The answer should hold only the lines from the beginning of the material through the one with "The image captures", reproduced exactly and without pictures.

**RECORDED DATA:**
****************
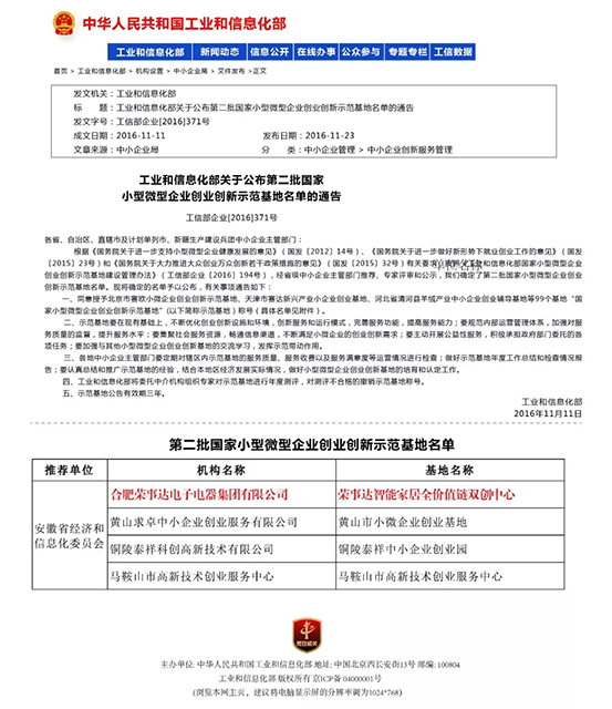 2016年11月,合肥榮事達電子電器集團有限公司入選工信部“國家小型微型企業(yè)創(chuàng )業(yè)創(chuàng )新示范基地”。
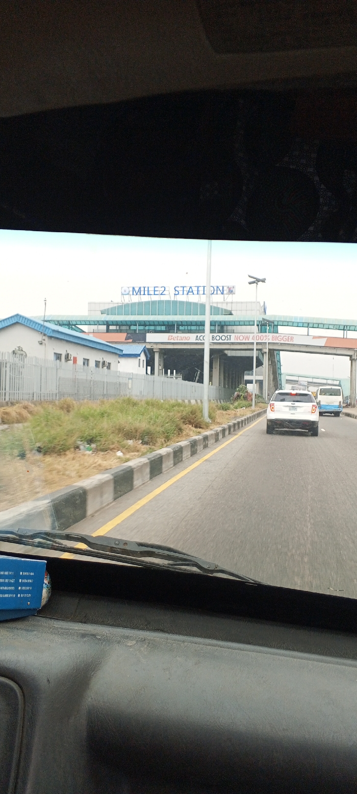 The image captures a forward-facing view from inside a vehicle, revealing a roadway scene at Mile 2 Station, Lagos, Nigeria
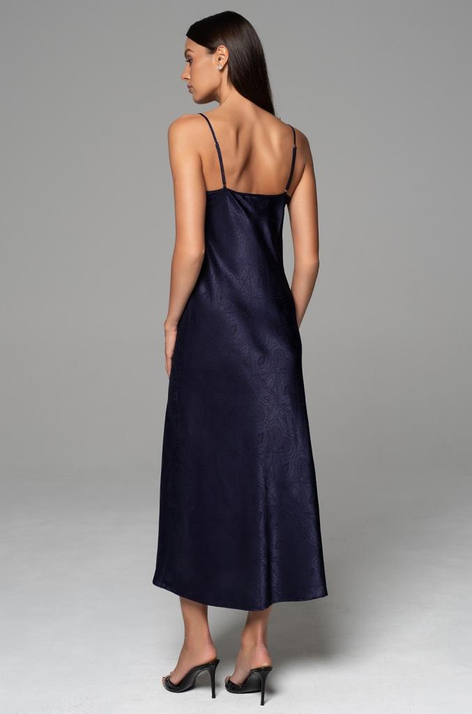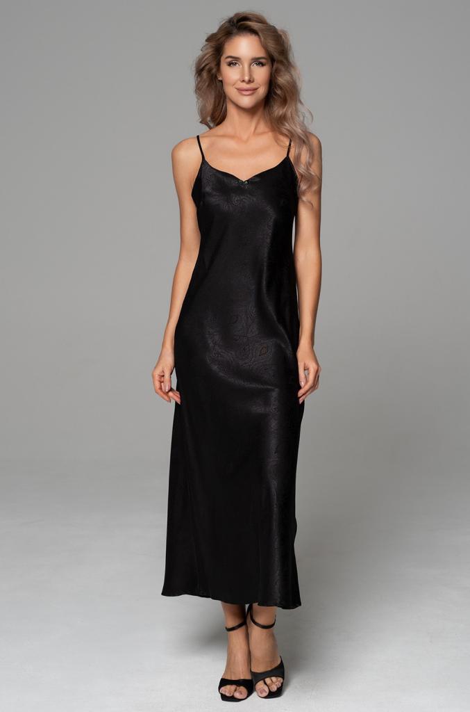 Элегантная длинная сорочка Mia-Amore на тонких бретелях без подреза под грудью с фигурным вырезом. Изделие выполнено из смесового шелкового жаккардового полотна. По низу боковых швов обработаны разрезы для свободы движения. Декор - атласный бантик с подвеской по центру выреза.
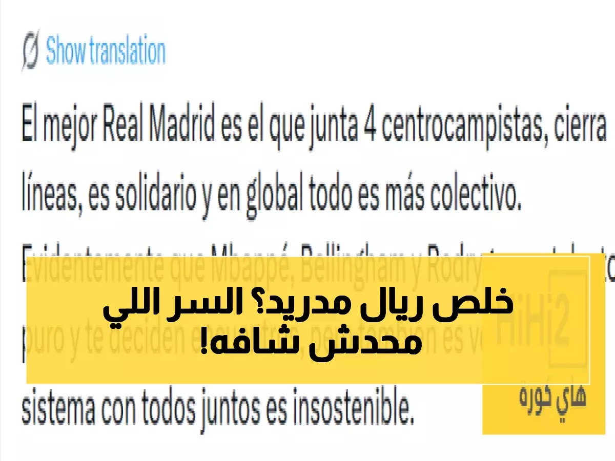 ووجه الصحفي باكيلو مارسيكال، عبر موقعه "هاي كورة"، نقداً لاذعاً للتكتيك الحالي، مشيراً إلى أن سرّ النجاح الحقيقي لريال مدريد يتمثل في تشكيل مختلف تماماً. ويرى مارسيكال، في تحليله الخاص، أن الفريق الأمثل هو ذلك الذي يقدم روحاً جماعية متماسكة، حيث يضيق لاعبو الوسط الأربعة المساحات ويتعاونون فيما بينهم، بعيداً عن التركيز على الفرديات.
****************
**SOLUTION FOR THIS TASK:**
 2016年11月,合肥榮事達電子電器集團有限公司入選工信部“國家小型微型企業(yè)創(chuàng )業(yè)創(chuàng )新示范基地”。
 The image captures a forward-facing view from inside a vehicle, revealing a roadway scene at Mile 2 Station, Lagos, Nigeria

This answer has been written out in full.